Former President Barack Obama says, United States faces a big challenge to reject the culture of “crazy conspiracies theories” that have stoked divisions in the country. In an interview given to BBC, he said US is more starkly polarized than it was four years before, when the Republican clinched the presidency as his successor. Obama suggests Biden’s victory in 2020 United States elections is just the beginning of a new dawn but thinks it will take time to repair those divisions.
“It’ll take more than one election to reverse those trends,” he says.
Healing a polarized country, Obama suggested, cannot be left to the politicians but also demands structural reforms and people listening to each other. He further added that people most agree on a common set of facts before moving forward.
The former President said he is greatly hopeful about the sophisticated attitudes of the new generations and urged young people to “cultivate that cautious optimism that the world can change” and “to be a part of that change”.
US divided than ever before
The resentment and increasing divide between rural and urban America, social injustices like inequality, immigration and “the kinds of crazy conspiracy theories – what some have called truth decay” have been promoted by some American media outlets and “turbocharged by social media”, Obama said while promoting his new memoir, A Promised Land, in a talk with BBC’s David Olusoga.
“We are very divided right now, certainly more than we were when I first ran for office in 2007 and won the presidency in 2008,” the former president said. He said that this is partly attributed to Trump’s decision to “fan division because it was good for his politics”.
Another factor Obama says is the spread of misinformation online where “facts don’t matter”.
“There are millions of people who subscribed to the notion that Joe Biden is a socialist, who subscribed to the notion that Hillary Clinton was part of an evil cabal that was involved in pedophile rings,” he says.
The example he quotes here with Clinton refers to a conspiracy theory alleging that Democratic leaders were operating a pedophile ring based in a Washington Pizza restaurant.
“I think at some point it’s going to require a combination of regulation and standards within industries to get us back to the point where we at least recognize a common set of facts before we start arguing about what we should do about those facts.”
Obama says that while many conventional mainstream media outlets have introduced fact-checking in recent years to curb the spread of misinformation online, it may not be enough because “falsehoods had already circled the globe by the time truth got out of the gates”.
Furthermore, he can also be ascribed to socioeconomic factors such as increasing inequality and disparities between the urban and rural America.

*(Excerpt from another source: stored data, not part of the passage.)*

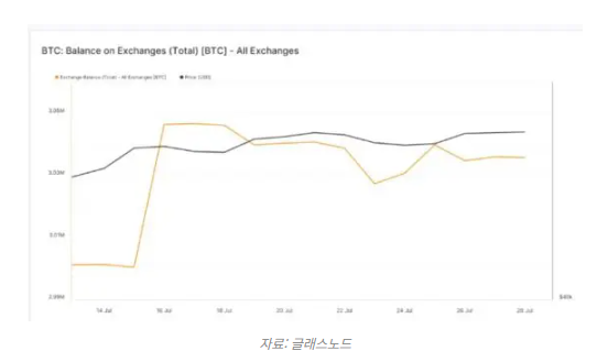 글래스노드 데이터에 따르면, 7월 15일부터 7월 28일까지 비트코인의 거래소 보유량이 크게 증가하며, 총 3만5000 BTC이 거래소 주소로 이동했다.
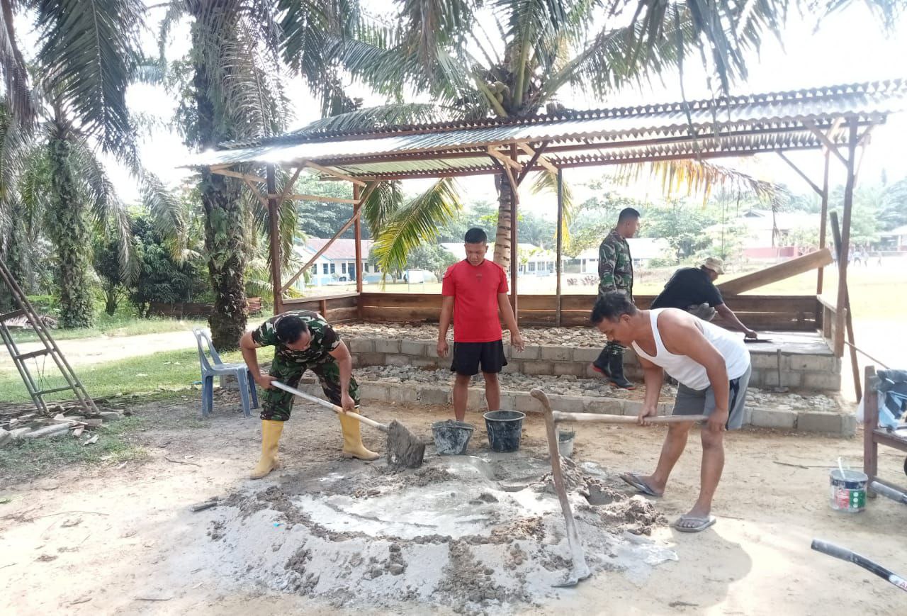 Babinsa Koramil 05/PB Bantu Warga Bangun Pondok Jualan di Kelurahan Pasar Gunung Tua
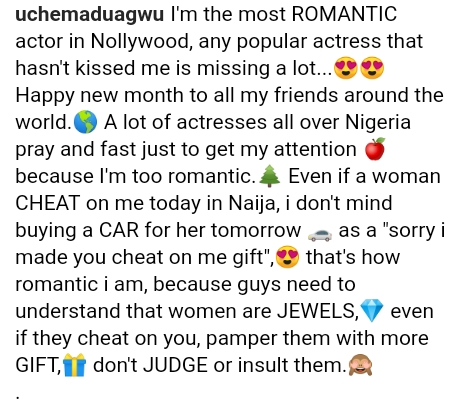 Nollywood controversial Actor Uche Maduagu makes shocking Revelation as he calls himself the most Romantic Actor in Nollywood.
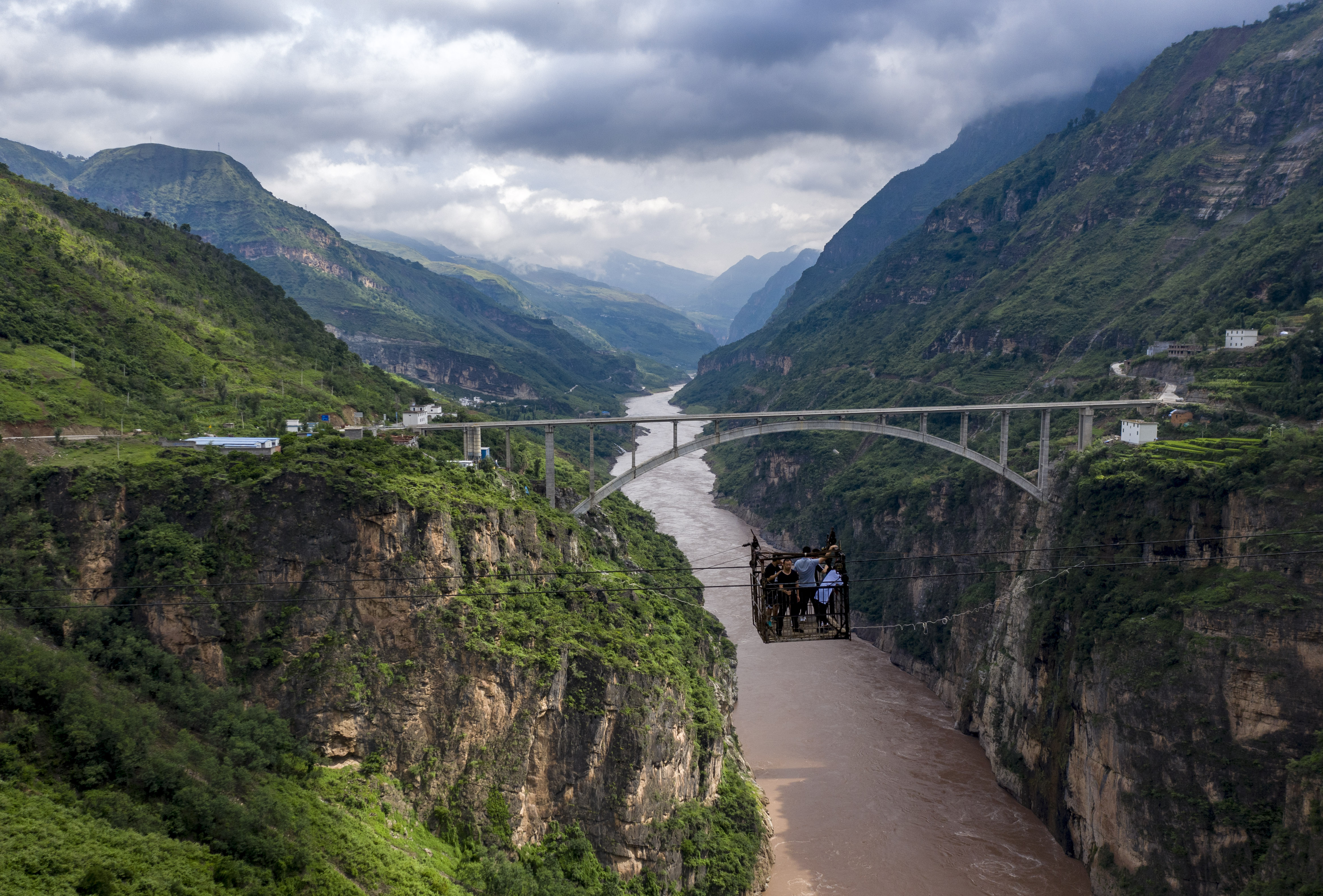 在云南省巧家县茂租镇鹦哥村,游客体验坐鹦哥溜索过江。(2020年8月14日摄,无人机照片)。新华社记者 江文耀 摄
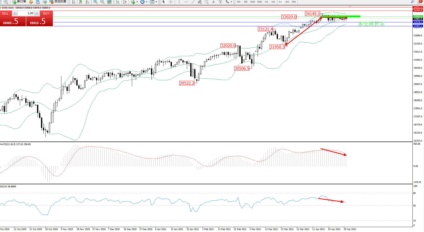 道琼斯指数4月30日(周五)收盘下跌182.28点,跌幅0.54%,报33878.08点;美股三大指数全部收跌,股市周五从创纪录高点下跌,因为公司业绩和经济数据显示出潜在的通胀压力,另外一位美联储官员也发表了鹰派言论。市场中过度冒险的迹象表明,现在是时候开始讨论缩减债券购买;这与美联储主席鲍威尔的观点形成分歧。受财政刺激措施提振,3月份美国的个人收入创下了1946年开始有月度记录以来的最高升幅,美联储用来确定其通胀目标的个人消费支出价格指数在3月份创出2018年以来的最大涨幅。因此“5月份卖出离场”的格言可能在许多投资者的脑海中浮现。但是,随着经济重启的步伐加快,敦促交易员为通货再膨胀交易再度兴起做准备。
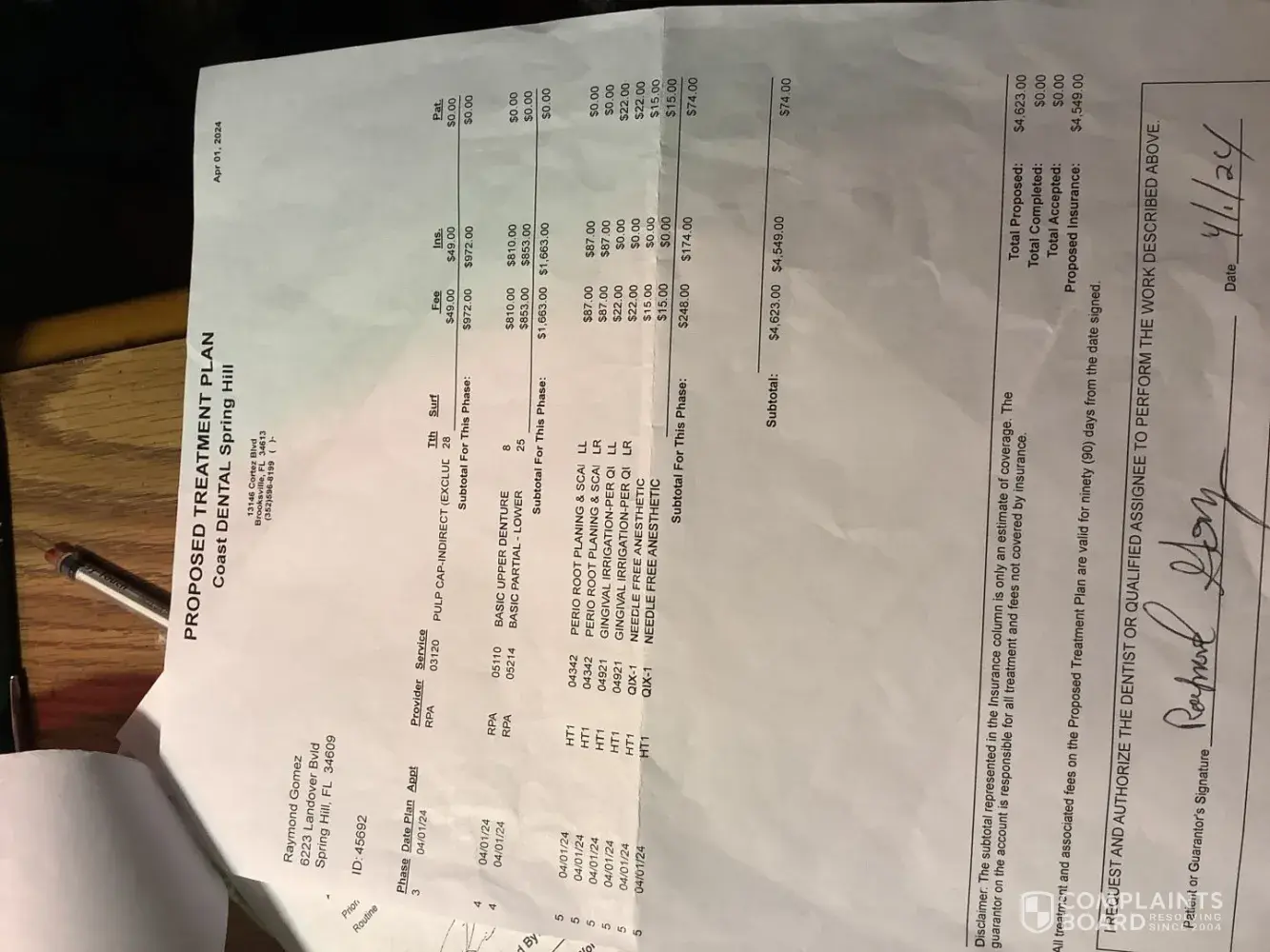On 8/22/2023, I went to Coast Dental Service (located at 5348 Bruce B Downs Blvd, Wesley Chapel, FL 33544 Tel: [protected]) with an appointment for annual cleaning. They said the machine for cleaning is broken that day and they took my X-Ray. X-Ray and normal cleaning is covered under my Cigna Dental Plan. After the X-Ray, they are telling me that they can not perform a normal cleaning and they can only perform a deep cleaning and provided a written estimate of $2257.99 for now and 3-monthly cleaning of $658.02. Additionally, they gave me an estimate for $7984 for other services such as Caps. I requested to perform the normal cleaning for which I took appointment and covered under insurance plan. They refused saying that their license is at stake if they perform regular cleaning instead of deep cleaning. I asked them to put that in writing and they asked me to leave and threatened to escort me out of the office. I believe a serious investigation should be conducted on the practice of this office and how they are forcing patients to pay much higher by refusing basic services. Just so you know, I have been doing basic services for the last 7 years in NJ before moving here in FL.
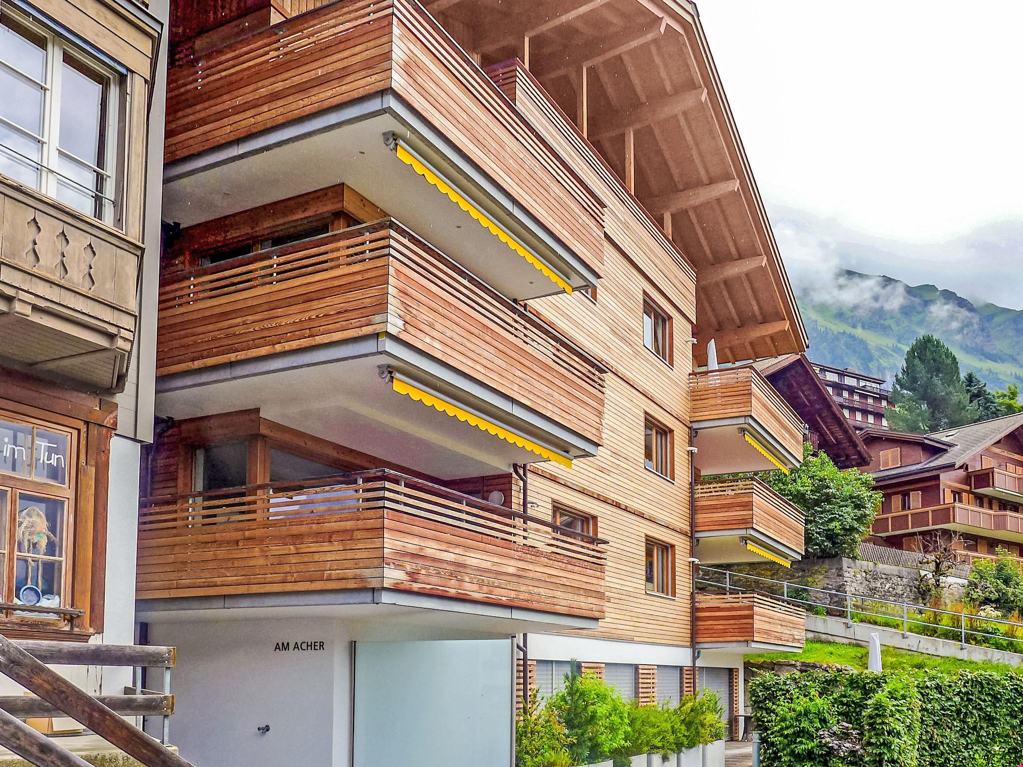 Apartment block "Am Acher II", built in 2008. In the district of Am Acher 250 m from the centre of Wengen, on a slope, excellent location: right in the centre but still quiet. In the house: lift, central heating system. Pre-arrival grocery service. Shop, supermarket 250 m, restaurant 100 m, bar, bakery 250 m, 3 minute walk to the centre, bus stop "Lauterbrunnen (by train)" 3.3 km, railway station "Wengen" 250 m, outdoor swimming pool 600 m. Cable car, skisport facilities 250 m, children's playground 100 m. Well-known lakes can easily be reached: Thunersee 13 km, Brienzersee 13 km. Please note: car-free holiday complex. Arrival via mountain railway. Arrival is only possible by train from Lauterbrunnen – 14 minutes driving time.
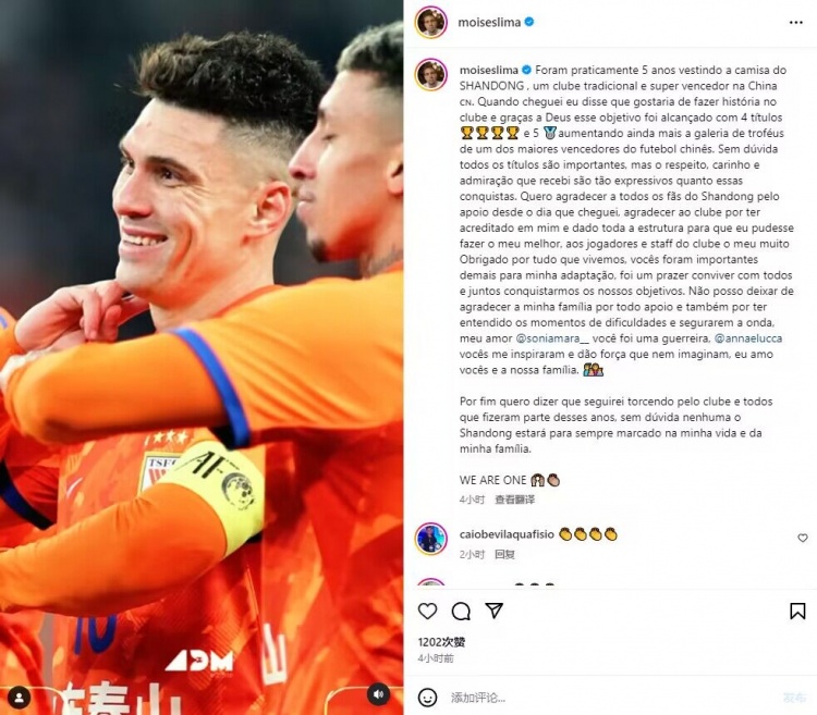 12月7日讯 回到巴西的莫伊塞斯,再次更新社媒表达了他对于山东泰山的深厚感情。
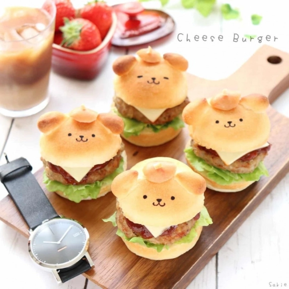 @ske.fさんはハンバーグを挟んだポムポムプリンのチーズバーガーをおうちランチに。こんなにかわいいバーガーが食卓に並んでいたらうれしいですよね!ポムポムプリンのコロンとした丸さを上手く出したポムポムプリンフードです☆
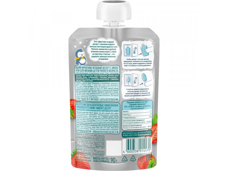 Десерт ФрутоKids Фруктово-ягодный с молоком 90 г
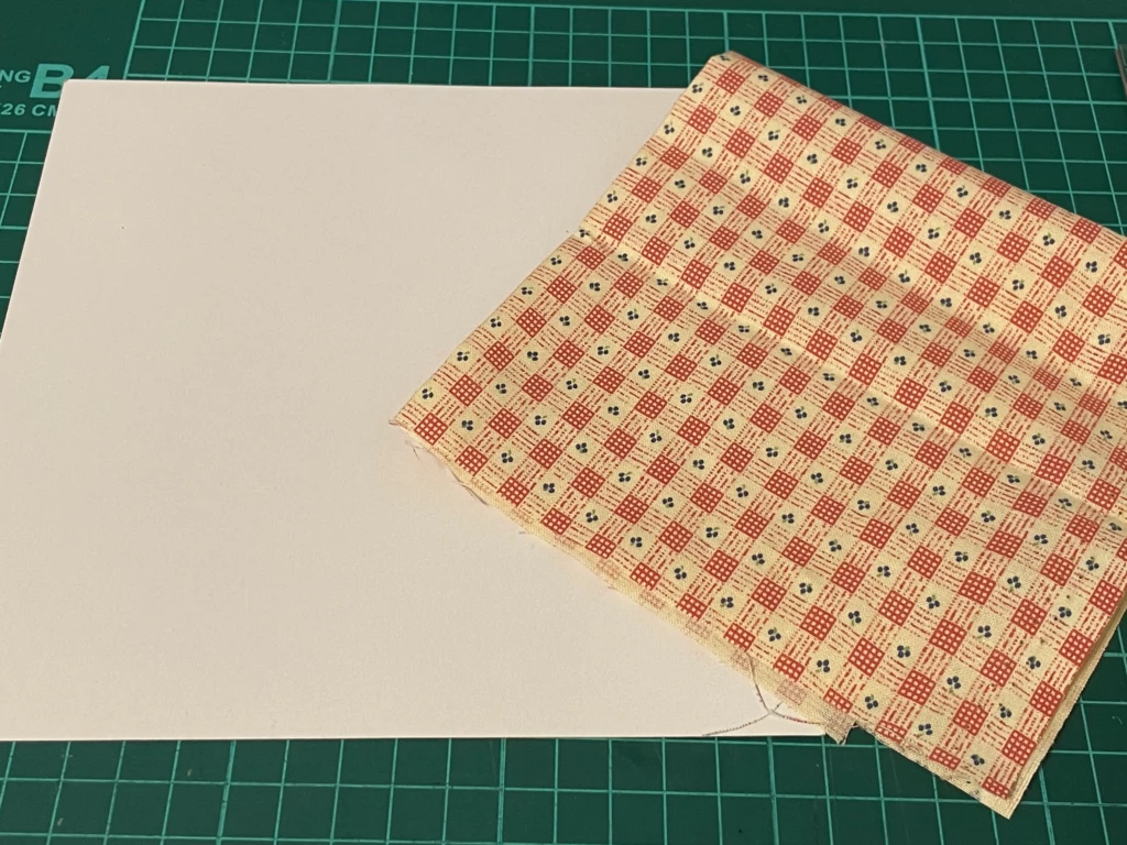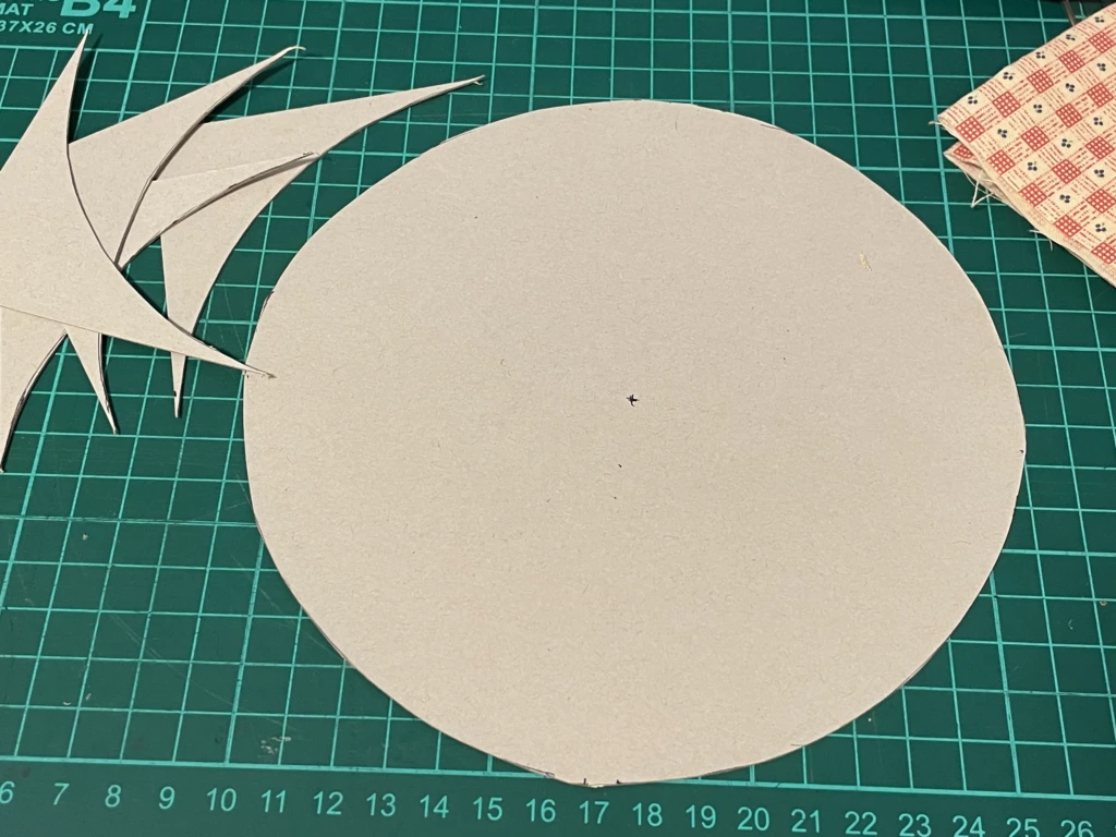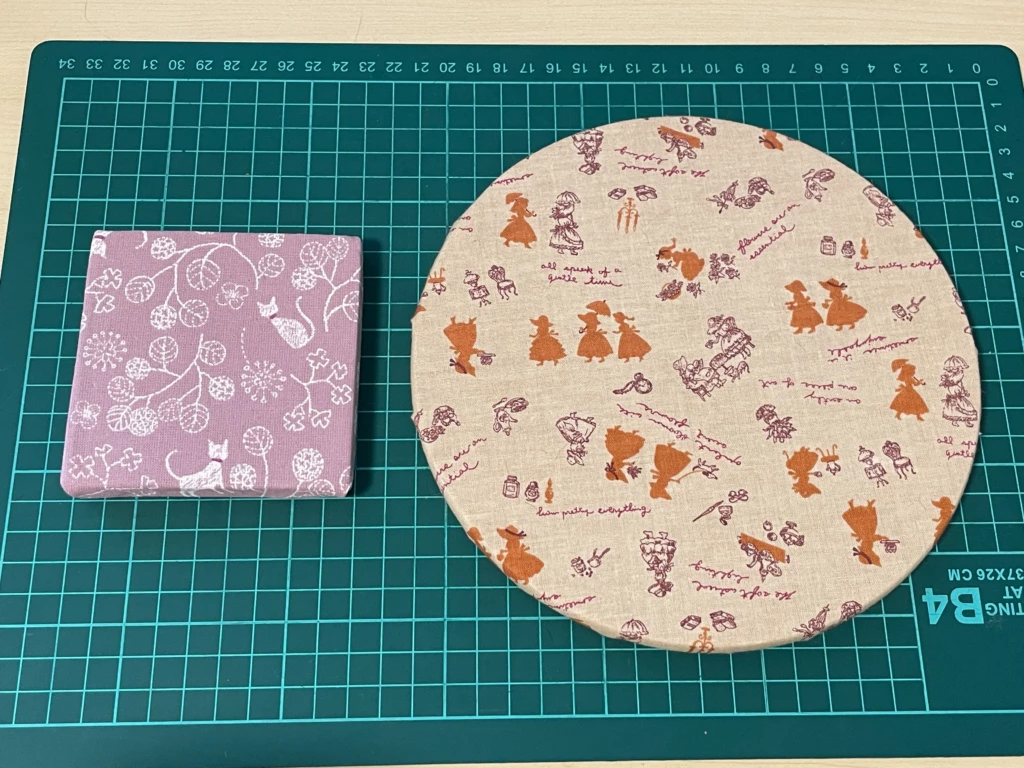 画像の厚紙は17cm角の正方形、布は20cm角のものを用意しました
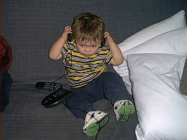 Here is a photo of Joey trying to jam to my MP3 Discman. This was a breakthrough in sheer volume of music I could put on a CD. This played burned CD’s and so I filled CD’s with 10 – 12 albums in MP3 format. Hours of music on 1 CD. At the time, it was groundbreaking. After a few years the display stopped working so you had no idea what track or album you were selecting to play.
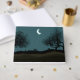 Este diseño presenta un encantador ilustracion de una luna creciente sostenida sobre una cuerda, como si fuera un globo. Un chica se sienta en un banco de un parque sosteniendo la cuerda.
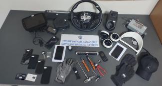 Σε διενεργηθείσες έρευνες στις κατοικίες των συλληφθέντων και στο «επιχειρησιακό» όχημά τους, βρέθηκαν και κατασχέθηκαν μεταξύ άλλων, τιμόνια και εξαρτήματα αυτοκινήτων (στροφόμετρα, ρολόγια και πλαστικά μέρη), διαρρηκτικά εργαλεία (κατσαβίδια και κόφτης) καθώς και συσκευασία, περιέχουσα κατεργασμένη κάνναβη σε μορφή σοκολάτας, μεικτού βάρους, -4,8- γραμμαρίων και συσκευασία που περιείχε -4,6- γραμμ. ακατέργαστης κάνναβης.
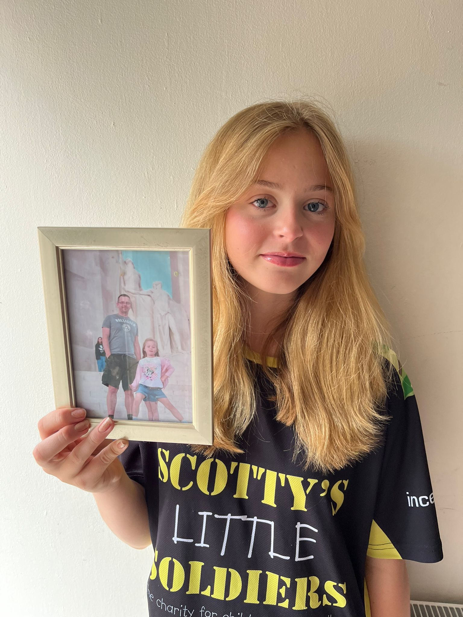 13-year-old Emily is the youngest of 10 Scotty’s Little Soldiers’ Council Members who are taking on Scotty’s March in memory of their military parent while raising funds for Scotty’s Little Soldiers. Emily’s dad was Sergeant Antony Reynolds and served in the Royal Electrical and Mechanical Engineers (REME). He served in the Army for 21 years completing multiple tours in Afghanistan, and others in Bosnia, Kosovo and Northern Ireland. He died by suicide in 2018 when Emily was aged 7.

Such issues, he adds, are “paralleled in the UK and around the world” with “people feeling as if they’re losing a grip on the ladder of economic advancement and so react and can be persuaded that it’s this group’s fault or that group’s fault”.
About BLM and Race
Obama who took White House as America’s first president of color, says the issue of race been “one of the central fault lines in American history – our original sin”. This summer, the death of African American George Floyd in police custody and the backlash that followed in the US and across the globe reflected both anguish and optimism, he says.
“Despair that the chronic lingering role of race and bias in our criminal justice system continues in such a blatant form… enormous optimism that you saw an outpouring of protest activism and interest that far exceeded anything we had seen previously – and was peaceful.”
It was important that the uprisings against racial injustices were multi-racial he says, adding that the reaction was different than that of Trayvon Martin’s killing n 2012. Martin, an unarmed Florida teenager was shot dead by neighborhood watch volunteer George Zimmerman. Zimmerman involved in the high-profile murder was later cleared of the charges levelled against him.
Obama also mentioned that fatal shooting in 2014 that claimed a life if an 18-year-ld unarmed black man Michael Brown who was shot six times by a white police officer in Ferguson, Missouri.
He says that while those incidents invoked a public outrage, they were also responsible for the start of a debate over racial justice, there still appeared to be “resistance among large portions of the white community to push back against the notion that this was more than just one incident or a case of bad apples”.
“What you saw this summer was some communities that had a very negligible black population, folks going out there and saying Black Lives Matter and embracing the notion that real change has to come.”
Obama was speaking ahead of the release of his new memoir which records his rise to the United States Senate and first Presidential term. Releasing on Nov 17, 2020, it is the first of two books giving a glimpse into his time in the WH.